Ashley Camp and her fiancé, Cody Wallenius, have an anniversary tradition of going to the gravesites of famous tattoo artists to get rubbings.
Tuesday, the couple, who own Easy Tiger Tattoo in Merrillville, ventured to Watseka, Illinois, as they did a few years ago, to visit the gravesite of Roy “Roy Boy” Cooper, the legendary tiger-owning owner of The Badlands at 3844 Broadway in Gary.
“We knew where it was,” Camp said of Cooper’s headstone, which features a tiger and the quote, “3 can keep a secret if 2 are dead.”
“We walked right over to it and we’re walking around and we’re like, it’s not here,” Camp said, adding they thought maybe Debra Cooper, Roy Boy’s ex-wife and business partner, moved it. They noticed that the headstone for the Coopers’ son, Diamond Cody Cooper, who died four years after his father at age 19 in a wreck, had also been disturbed.
Camp said she and her fiancé sought out the cemetery caretaker and then they sent a message to Debra.
“It kind of sank in slowly,” Camp said. “This is a really big deal. Where do you go from here? What does somebody do with a headstone?”
Debra Cooper said Roy Boy was buried in a Grand Army of the Republic cemetery with other members of his family because his great-great-grandfather was a Civil War veteran.
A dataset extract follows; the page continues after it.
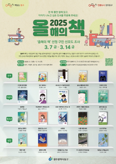 투표는 동구 누리집 및 모바일 앱 두드림과 구립도서관 책정원에서 온라인으로 참여할 수 있다. 부문별 후보 도서 중 가족, 이웃, 친구와 함께 읽고 싶은 책을 부문별 1권씩 선택하면 된다.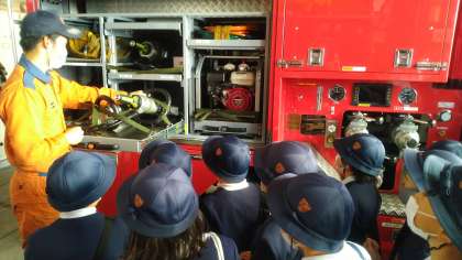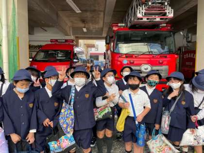 昨日のことになってしまいましたが、3年生が「まち探検」に出かけました。いいお天気のテクテク日和で、子どもたちの表情も楽しそうです。今日のメインの目的地は消防署。消防署の皆さんが、訓練のようすを見せてくださり、わかりやすくお仕事の説明をしてくださいました。

The headstone was made by Roy Boy’s sister Candy, who has since died, Debra Cooper said, adding her late sister-in-law also made her son’s headstone. Candy is buried in the family plot as well.
Camp, she said, sent her pictures of the spot where Roy Boy’s headstone once lay and said it was gone.
“I’ve got my memories, I’ve got my soul, I’ve got this shop,” Debra Cooper said of The Bandlands, which she took over after her son died. The studio first opened in 1973, though it moved across Broadway after it burned down in a 2008 fire.
The tigers, which included two white ones, a gold Bengal and a gold Siberian, according to Post-Tribune archives, are long gone after officials with the U.S. Department of Agriculture raided the shop in May 2010, just a few months before Roy Boy died.
Tigers had been a fixture of The Badlands for years until the raid, which came after unsatisfactory inspections by the USDA, according to Post-Tribune archives. During a USDA visit in the days before the raid, inspectors said they found the tigers were underweight and lethargic.
The tigers were taken to a USDA-licensed sanctuary after they were removed from the tattoo studio.
These days, Debra Cooper keeps honeybees and chickens instead of the large cats that helped make the studio famous.